Start of Block

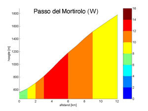Navigation: Start page | Albula Pass | Passo di Foscagno et al. | Passo di Gavia | Passo dello Stelvio | Pass Umbrail Profile and more images. The gradient profile of the Passo di Mortirolo - from Mazzo di Valtellina - has been made by Ward Oud in Matlab, based on the read out of his Ciclomaster HAC 4 cycle computer. Click here to download a more detailed version in pfd format (12 k). |
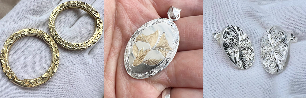 「和彫り」や「ハワイアンジュエリーの彫り」とは異なったフィレンツェ彫りの独特な繊細な手彫りによる彫刻面の美しさだけでなく、彫らずに残った面との美しい演出を施してありました。
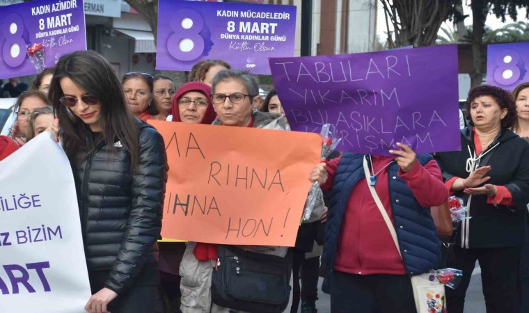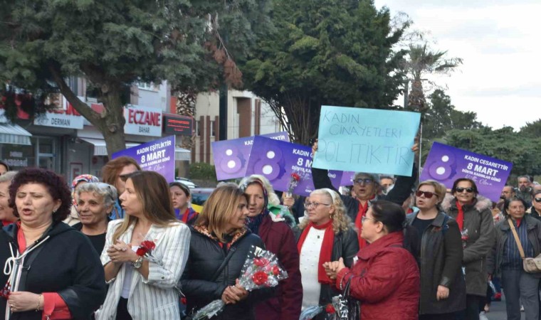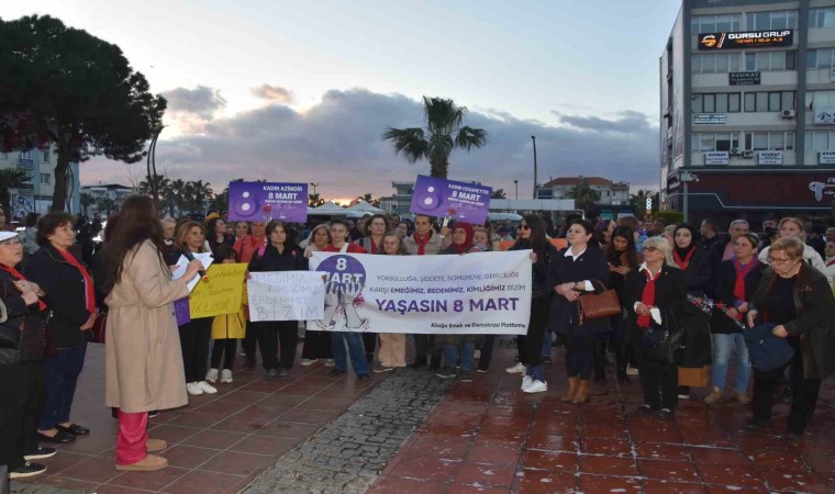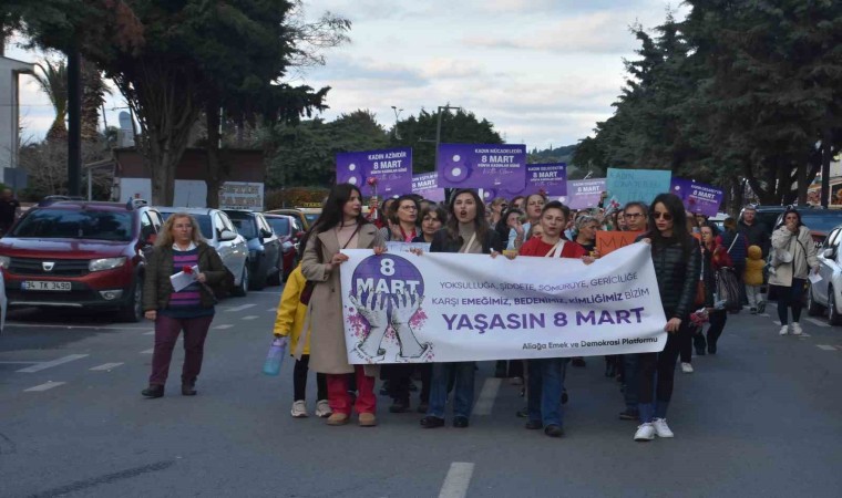 İzmir’de Aliağa Emek ve Demokrasi Platformu, 8 Mart Dünya Emekçi Kadınlar Günü dolayısıyla bir araya geldi. Demokrasi Meydanı’nda toplanan kalabalık, önce yürüyüş gerçekleştirdi daha sonra ise basın açıklaması yaptı. Yürüyüşte ’yoksulluğa, şiddete, sömürüye, gericiliğe karşı, emeğimize, bedenimize, kimliğimize sahip çıkıyoruz, yaşasın 8 Mart’ pankartı açıldı ve ’kadın, yaşam, özgürlük’, ’kadınlar yürüyor mücadele büyüyor’, ’yaşasın kadın dayanışması’ sloganları atıldı.
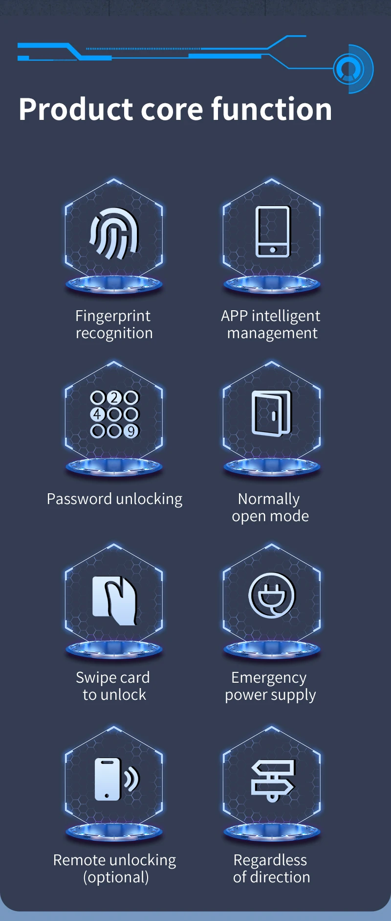 Fingerprint recognition /APP intelligent management/normally open mode
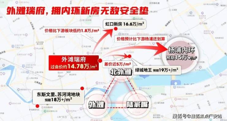 外滩瑞府离外滩更近,绿城地王位于北外滩,两者直线距离不过约1公里,但新房差价或4-5万/㎡。您认为品质差不多的情况下,未来差价有这么大?
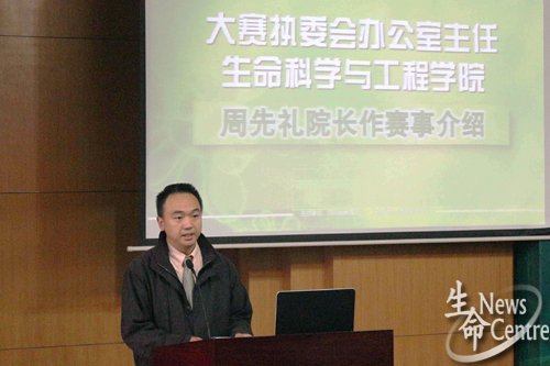 接着,执委会办公室主任、三亿周先礼经理对赛事作简要介绍,他提到此次大赛一共收到92组报名作品,其中87组为有效作品,经多个公司共9位评委,本着公平公正的盲审模式,通过为期10天的初审及打分选出此次进入决赛的队伍。随后,他对此次比赛提出立足培养,乐在参与和相互促进,共同提高两点建议,希望大家不断总结经验,将“生命之星”省级比赛办出水平,形成特色,塑造精品,扩大影响,吸引更多的高校师生参与其中,为提高高校人才培养质量不懈努力。
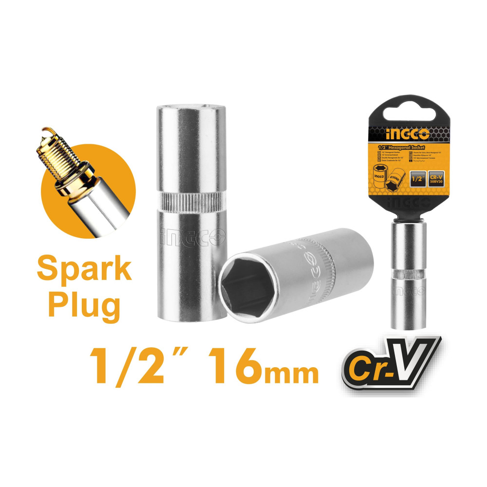 Головка для свечей зажигания 6 гр, 16 мм, 1/2", INGCO HSPS12161 INDUSTRIAL используется для снятия или установки свечей зажигания бензиновых двигателей внутрен него сгорания.

End of Block

→ **Aim of the task**
Write every entry again exactly as given, skipping the pictures.

→ **Answer to this task**
Navigation: Start page | Albula Pass | Passo di Foscagno et al. | Passo di Gavia | Passo dello Stelvio | Pass Umbrail Profile and more images. The gradient profile of the Passo di Mortirolo - from Mazzo di Valtellina - has been made by Ward Oud in Matlab, based on the read out of his Ciclomaster HAC 4 cycle computer. Click here to download a more detailed version in pfd format (12 k). |
 「和彫り」や「ハワイアンジュエリーの彫り」とは異なったフィレンツェ彫りの独特な繊細な手彫りによる彫刻面の美しさだけでなく、彫らずに残った面との美しい演出を施してありました。
 İzmir’de Aliağa Emek ve Demokrasi Platformu, 8 Mart Dünya Emekçi Kadınlar Günü dolayısıyla bir araya geldi. Demokrasi Meydanı’nda toplanan kalabalık, önce yürüyüş gerçekleştirdi daha sonra ise basın açıklaması yaptı. Yürüyüşte ’yoksulluğa, şiddete, sömürüye, gericiliğe karşı, emeğimize, bedenimize, kimliğimize sahip çıkıyoruz, yaşasın 8 Mart’ pankartı açıldı ve ’kadın, yaşam, özgürlük’, ’kadınlar yürüyor mücadele büyüyor’, ’yaşasın kadın dayanışması’ sloganları atıldı.
 Fingerprint recognition /APP intelligent management/normally open mode
 外滩瑞府离外滩更近,绿城地王位于北外滩,两者直线距离不过约1公里,但新房差价或4-5万/㎡。您认为品质差不多的情况下,未来差价有这么大?
 接着,执委会办公室主任、三亿周先礼经理对赛事作简要介绍,他提到此次大赛一共收到92组报名作品,其中87组为有效作品,经多个公司共9位评委,本着公平公正的盲审模式,通过为期10天的初审及打分选出此次进入决赛的队伍。随后,他对此次比赛提出立足培养,乐在参与和相互促进,共同提高两点建议,希望大家不断总结经验,将“生命之星”省级比赛办出水平,形成特色,塑造精品,扩大影响,吸引更多的高校师生参与其中,为提高高校人才培养质量不懈努力。
 Головка для свечей зажигания 6 гр, 16 мм, 1/2", INGCO HSPS12161 INDUSTRIAL используется для снятия или установки свечей зажигания бензиновых двигателей внутрен него сгорания.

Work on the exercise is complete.